The Star-Herald

County residents recall memorable holidays

PRESQUE ISLE, Maine — Karen Morgan Harrington of Presque Isle recalls the Christmas 40 years ago that stands out as one of her “most memorable” due to the lessons that it taught her about giving.

Harrington was 13 years old that year and living in Limestone. Her father was stationed at Loring Air Force Base at the time and she and her four siblings had spent the fall picking potatoes to save money for school clothes.

“That year, of  course, I was a bit more mature,” she said. “So I wanted some of the trendier, more expensive clothes. But my parents had a rule that we all had to save a bit of our harvest money to buy a present for one of our siblings. We all drew names, and I had chosen my 8-year-old brother Billy that year.”

Harrington recalled that when she sat down with her mother over the Sears catalogue after the harvest, her mother let her have more control over her purchases than she previously had.

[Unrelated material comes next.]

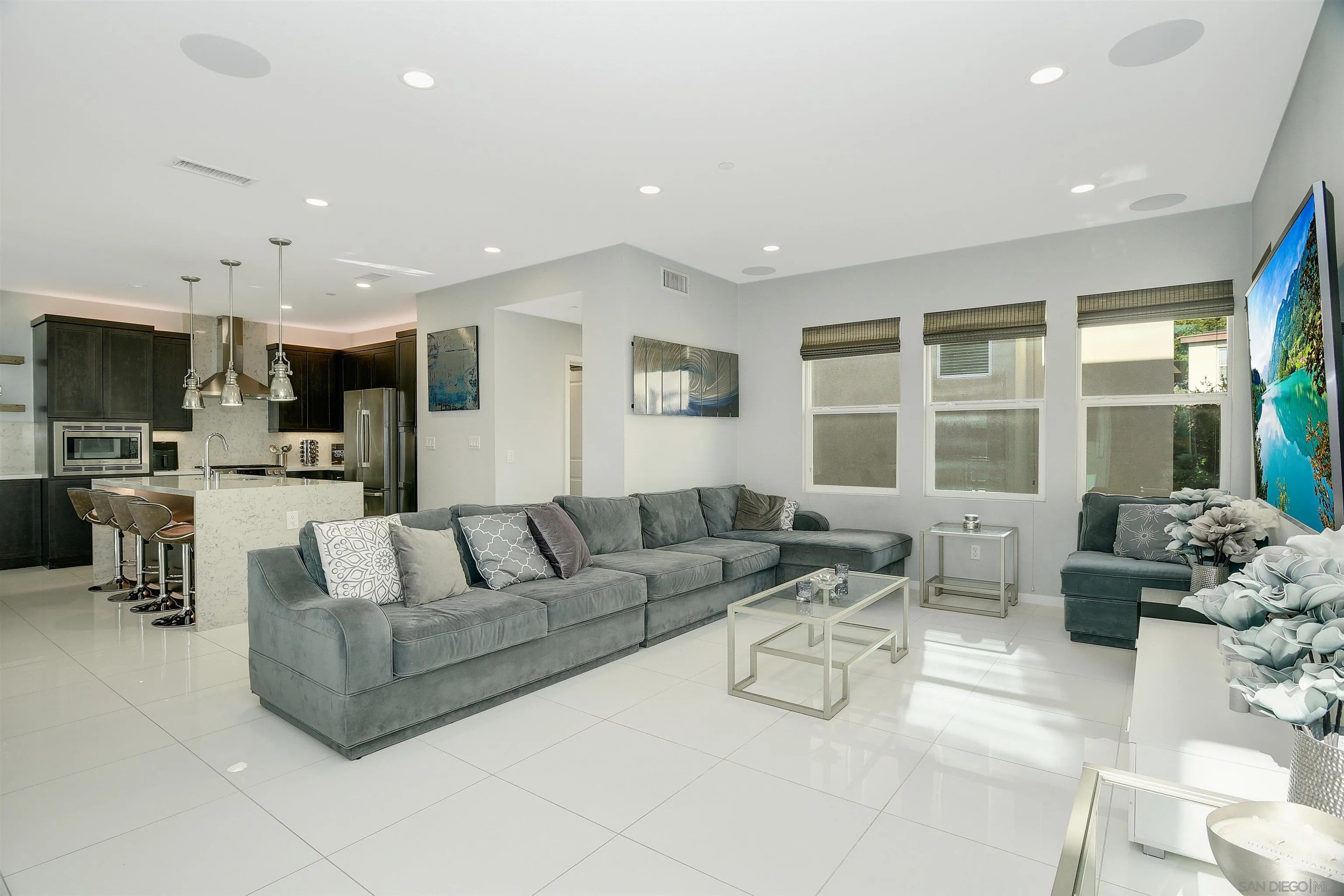 Experience the ultimate in modern luxury living from this detached residence in the Apex Development, an esteemed community within the newly developed Civita. Nestled atop a tranquil scenic hill, the location invites easy access with its proximity to beaches, downtown, scenic hiking trails, and a wealth of experiences waiting to be embraced. This stunning residence with 4 spacious bedrooms, 3.5 bathrooms, a home office, solar and 2-car attached garage, elevate the concept of single-family living to a new level. Flooded with natural light, the spacious interiors seamlessly blend indoor and outdoor living through inviting patios. Every inch exudes casual elegance with designer-appointed features, luxurious details,and upgraded Bosch appliances, that redefine the art of living. The upper level accommodates 3 bedrooms and a conveniently located laundry room, while the lower level unveils a masterfully designed 4th bedroom, presenting a private retreat with a walk-out patio adorned with a captivating fire pit seating area. Tucked away in a tranquil locale, this residence boasts owned solar electricity, central air conditioning, and ameticulously finished epoxy garage for two cars, ensuring the epitome of San Diego living. Beyond the confines of your luxurious home lies avibrant community, offering a 14-acre park that hosts an outdoor amphitheater, splash pad, and inviting picnic tables amidst a communitygarden. A clubhouse, pools, spa, an exclusive state-of-the-art fitness center, and an array of additional amenities await, making this residencethe ultimate destination.

“She made sure that I picked out the warm clothes that I needed for winter, but she did let me buy one of the dresses that I wanted,” Harrington said. “But when my money began dwindling and I was still eyeing another dress, she just cleared her throat and said, ‘What about your brother?’”

Harrington said that she turned to the toy section and began looking. She acknowledged that she silently wished to get her brother something cheap in the hopes that she could still get another dress, but her mother saw through the plan. Instead of getting angry at her for it, she simply reminded her that her older siblings gave her what she wanted when she was young, and that she should try to do the same for her brother.

“I immediately felt guilty,’ she said. “I not only bought my brother what he wanted, I dipped into my allowance and bought him something extra.”

Kristi McAtee of Houlton has fond memories of childhood Christmases spent with her family. She said she and her father, Paul, would stay at her grandparents on Christmas Eve, and she would wake up every Christmas morning to the sound of her father talking to her grandfather as they sat at the kitchen table.

“I wasn’t allowed to come downstairs until everyone was awake, though,” she said. “One year, Dad and Santa wrapped all of their presents in the same paper. I was told Dad ran into him at the JC Penney and Santa asked Dad to wrap my gifts because he was so busy at the North Pole. The last few years (before he died) weren’t about gifts. We’d just have a small get together with friends and family. I’d cook Christmas dinner and we’d watch movies all day. A whole day just to relax and catch up.”

Harrington agreed, saying that she now enjoys that kind of Christmas the most.

“Our family is much bigger now because my siblings and I are all in different parts of Maine and New England, and they all have children and grandchildren” she said. “But we still draw names for gifts, and we get as many of the siblings together as we can on Christmas. It is the best gift we can give each other.”